▶ Exercise data
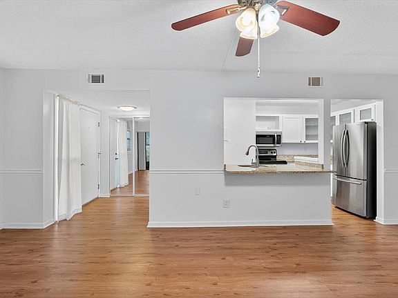 Embrace active coastal living, enjoy a seasonal retreat, or retire in comfort in this GROUND-FLOOR condo, beautifully nestled among mature trees and lush greenery. Begin your mornings on front porch, savoring a cup of coffee while taking in a partial Intracoastal view and the invigorating scent of salt air carried by the gentle coastal breeze. In the evenings, unwind on the screened-in lanai overlooking tranquil landscaping, thoughtfully set back from the road to provide true peace and privacy. Just steps from your door, one of the community’s three sparkling swimming pools awaits - a sun-soaked oasis ideal for morning laps or leisurely afternoons basking in the Florida sun. Inside, the residence is bright and welcoming, featuring tile and laminate flooring throughout the main living areas, brand-new carpeting in the bedrooms, newer appliances, and a beautiful, efficient kitchen. The open floor plan effortlessly creates a perfect space for both relaxation and entertaining. With all living spaces conveniently located on the ground floor, this home offers accessible, easy living for all stages of life. Conquistador Condos of St. Augustine Shores is ideally suited for retirees, snowbirds, and active-lifestyle buyers seeking a vibrant, low-maintenance community. Residents enjoy an exceptional array of amenities including three swimming pools (one heated), three tennis and pickleball courts, a fishing pier, shuffleboard and bocce courts, a putting green, a car wash station, and over 50 miles of scenic walking trails punctuated with peaceful resting spots. Additional privileges include access to the prestigious St. Augustine Shores Golf Club and the nearby Riverview Club, which boasts a community center, playgrounds, sports fields, and more. Offered at excellent value and positioned away from road noise, this exceptional condo is priced to sell quickly and is being sold as-is. Don’t miss this rare opportunity to experience the best of coastal living in beautiful St. Augustine!
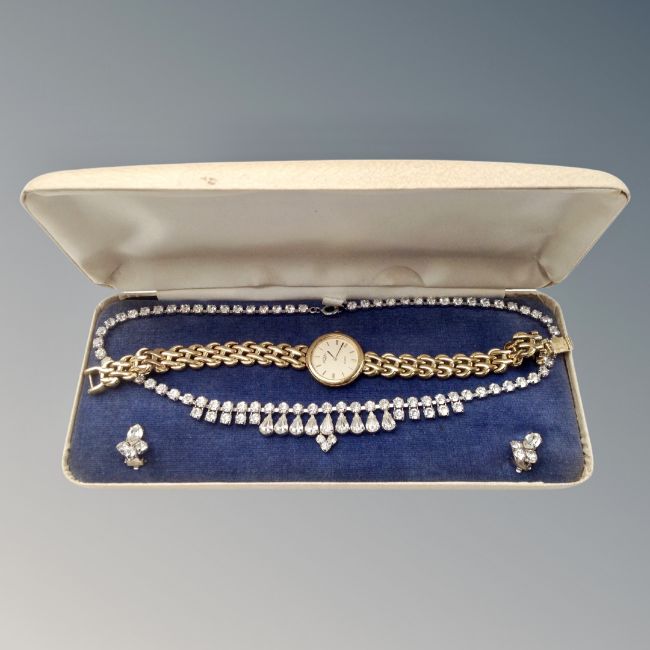 A lady's Rotary gold plated wristwatch together with a costume necklace and earring set in box.
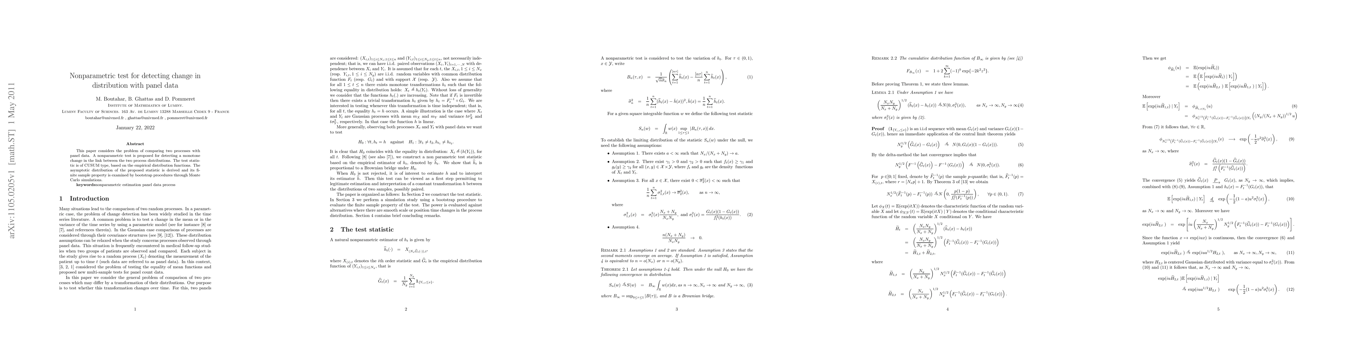 This paper considers the problem of comparing two processes with panel data. A nonparametric test is proposed for detecting a monotone change in the link between the two process distributions. The test statistic is of CUSUM type, based on the empirical distribution functions. The asymptotic distribution of the proposed statistic is derived and its finite sample property is examined by bootstrap procedures through Monte Carlo simulations.
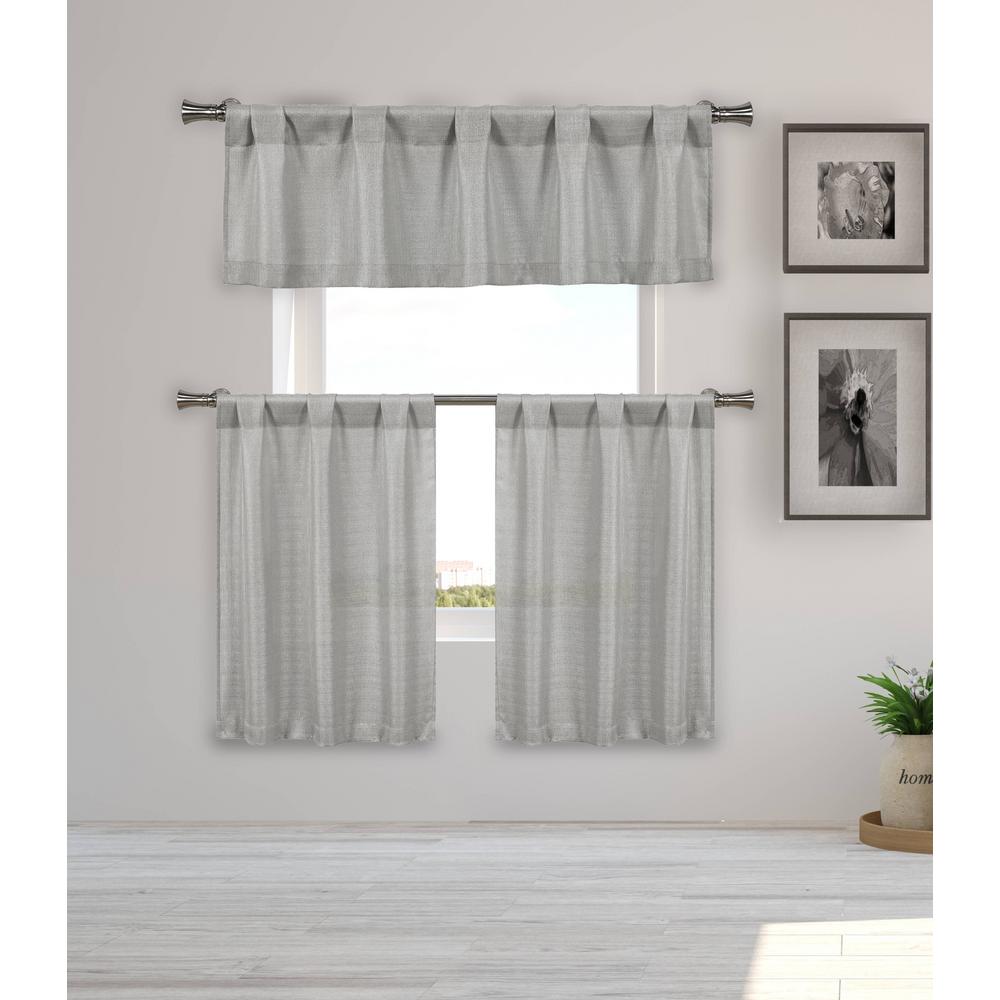 Home Maison Kealy Silver Metallic Kitchen Curtain Set 56 In W X 15 In L In 3 Piece Keksl 12 14174 The Home Depot

▶ Exercise description
All of the listing is to be written out exactly, with the pictures left out.

▶ Task response
 Embrace active coastal living, enjoy a seasonal retreat, or retire in comfort in this GROUND-FLOOR condo, beautifully nestled among mature trees and lush greenery. Begin your mornings on front porch, savoring a cup of coffee while taking in a partial Intracoastal view and the invigorating scent of salt air carried by the gentle coastal breeze. In the evenings, unwind on the screened-in lanai overlooking tranquil landscaping, thoughtfully set back from the road to provide true peace and privacy. Just steps from your door, one of the community’s three sparkling swimming pools awaits - a sun-soaked oasis ideal for morning laps or leisurely afternoons basking in the Florida sun. Inside, the residence is bright and welcoming, featuring tile and laminate flooring throughout the main living areas, brand-new carpeting in the bedrooms, newer appliances, and a beautiful, efficient kitchen. The open floor plan effortlessly creates a perfect space for both relaxation and entertaining. With all living spaces conveniently located on the ground floor, this home offers accessible, easy living for all stages of life. Conquistador Condos of St. Augustine Shores is ideally suited for retirees, snowbirds, and active-lifestyle buyers seeking a vibrant, low-maintenance community. Residents enjoy an exceptional array of amenities including three swimming pools (one heated), three tennis and pickleball courts, a fishing pier, shuffleboard and bocce courts, a putting green, a car wash station, and over 50 miles of scenic walking trails punctuated with peaceful resting spots. Additional privileges include access to the prestigious St. Augustine Shores Golf Club and the nearby Riverview Club, which boasts a community center, playgrounds, sports fields, and more. Offered at excellent value and positioned away from road noise, this exceptional condo is priced to sell quickly and is being sold as-is. Don’t miss this rare opportunity to experience the best of coastal living in beautiful St. Augustine!
 A lady's Rotary gold plated wristwatch together with a costume necklace and earring set in box.
 This paper considers the problem of comparing two processes with panel data. A nonparametric test is proposed for detecting a monotone change in the link between the two process distributions. The test statistic is of CUSUM type, based on the empirical distribution functions. The asymptotic distribution of the proposed statistic is derived and its finite sample property is examined by bootstrap procedures through Monte Carlo simulations.
 Home Maison Kealy Silver Metallic Kitchen Curtain Set 56 In W X 15 In L In 3 Piece Keksl 12 14174 The Home Depot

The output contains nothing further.